No need for Clearmybox, and multiple reboots, just to make the HR'S usable.


----------



## Diana C (Mar 30, 2007)

dpeters11 said:


> They tend to make offers. I think Diana was offered a gift card and some other things. I thought it was a pretty good offer if someone was looking to come back.


Correct. We cancel DirecTV on July 2nd (in our case we have switched to FiOS TV with TiVo DVRs and Minis). I have since received at least a half dozen offers to come back. The most recent was deeply discounted programming (for 12 months, moderate discount for the next 12), a free Genie and up to 3 Clients, Sunday Ticket, * and a $200 gift card*. If it were not for the fact that to equal our TiVo setup we would need 2 Genies, 5 clients, and 2 3TB external hard drives (a configuration DirecTV can not even support) we might have taken the offer.


----------



## Bronxiniowa (Apr 14, 2013)

dpeters11 said:


> I think that's also how most of us are. We pay whatever the price is. Now, I do admit I get a discount based on a partnership my internet provider has with DirecTV, but that's it.

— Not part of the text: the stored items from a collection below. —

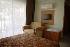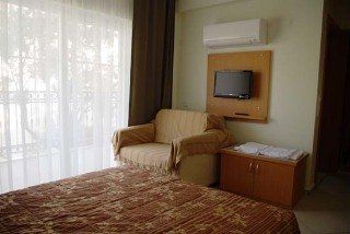This hotel enjoys an idyllic setting in the popular hilltop resort of Hisaronu, between Fethiye and Oludeniz. The Babadag mountain range provides a spectacular backdrop to guests’ stay. It is some 3 kms to the center of Hisaronu, where guests will find restaurants, bars and shops and Oludeniz and its shingle beach is some 8 kms away. It is a 10-minute drive to Fethiye and Dalaman Airport is about 75 kms from the hotel. This attractive, modern, family-friendly hotel comprises a total of 48 rooms including 2 family rooms. Facilities on offer to guests include an indoor and outdoor restaurant. The indoor and outdoor restaurants serve Turkish and European cuisine. Parents will be happy to know that the hotel has a playground.
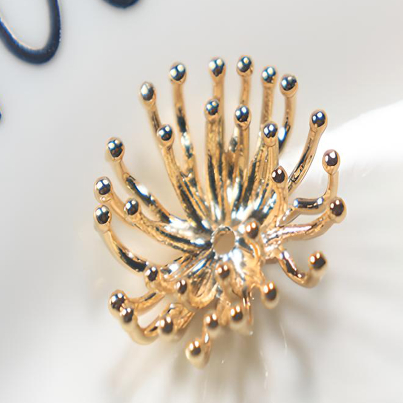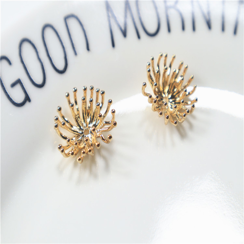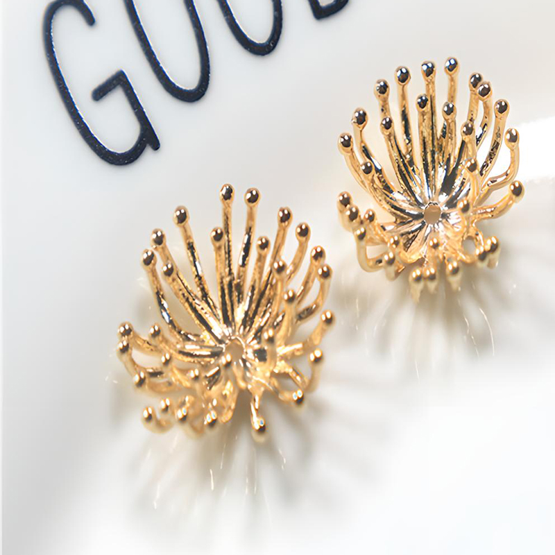 Capuchon pour perle en laiton, fleur, plaqué de couleur d'or KC, DIY, 15mm, Vendu par PC
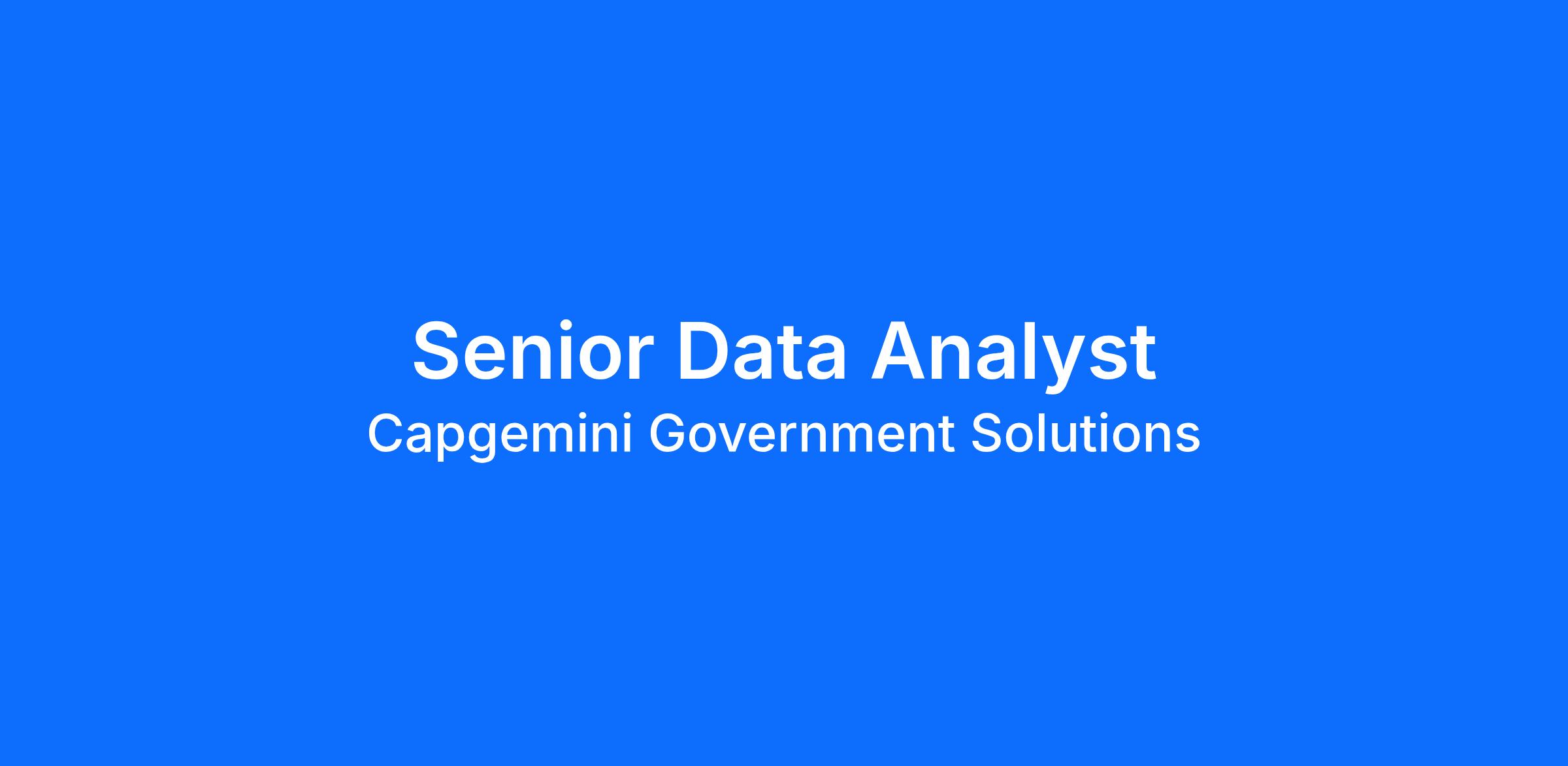 Capgemini Government Solutions (CGS) LLC is seeking highly motivated Senior Data Analyst Consultant to join our team to support our government clients. The successful applicant will have the opportunity to create analyses, reports, and visualizations for our clients. The candidate will join our Data and Artificial Intelligence practice in the DC Metro Area.
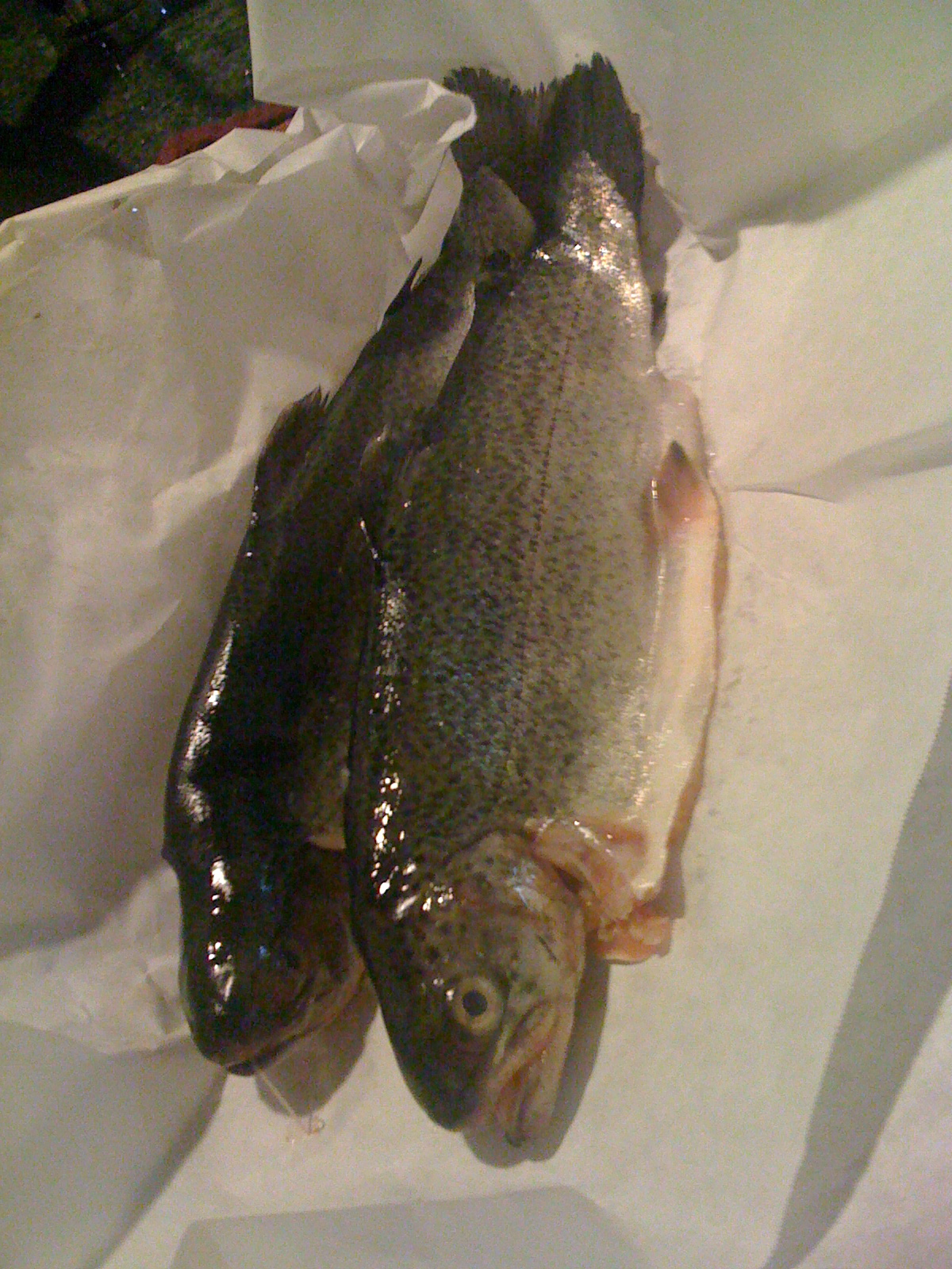 This meal was based on a recipe we saw once on a Food Network program hosted my Michael Chiarello, Lunchbag Swordfishwith Mediterranean Tomato Sauce and Linguini. Except sans swordfish and linguine. Morse Fish Market didn’t have swordfish, but they did have these cute lil’ whole filleted trout. Foodie’s had rainbow Swiss chard on special, especially ideal since eating your greens is a very healthy thing. And, last deviation, no one needs linguine when whole wheat Israeli cous cous makes such a nice side dish.Oh, wait – the last deviation: There was absolutely no lunchbags used in preparing this meal.

The issue is that many of us -- myself included -- don't sign up for premium channels or services until they're discounted, say "3 months of HBO and Cinemax for $XX.99." So when the price goes up after three months, and the total bill amount rises, we're on the phone to DirecTV to ask about what happened or to drop services. Then the CSR offers us additional credits for programming we already have. Those expire after X months, the bill goes up, we're back on the phone to DirecTV again, and the routine continues.


----------



## bmetelsky (Mar 1, 2009)

litzdog911 said:
 

> Nope. I think it's at least a couple of years.


I started receiving offers a soon as I cancelled. This was one of my issues with DirecTV. I actually wanted to stay, but when I called in prior to switching providers, they were not willing to deal at all. I had actually arranged for DISH to install just prior to my disconnect from DirecTV. Lo and behold, as soon as I cancelled, the phone calls and mailings started. I probably should have called a second time, at least, prior to switching to DISH. I did take DirecTV up on one of their offers 4 months ago, and came back. The deal I got was reduction of cost for two years, with the reduction in the first year being more significant. Free premiums for 3 months, free NFL ST. Also free installation, free Genie upgrade, and a prepaid VISA for the cost of the ETF with DISH. I'm glad I'm back.


----------



## maverick22 (Jan 5, 2011)

Diana C said:


> Correct. We cancel DirecTV on July 2nd (in our case we have switched to FiOS TV with TiVo DVRs and Minis). I have since received at least a half dozen offers to come back. The most recent was deeply discounted programming (for 12 months, moderate discount for the next 12), a free Genie and up to 3 Clients, Sunday Ticket, * and a $200 gift card*. If it were not for the fact that to equal our TiVo setup we would need 2 Genies, 5 clients, and 2 3TB external hard drives (a configuration DirecTV can not even support) we might have taken the offer.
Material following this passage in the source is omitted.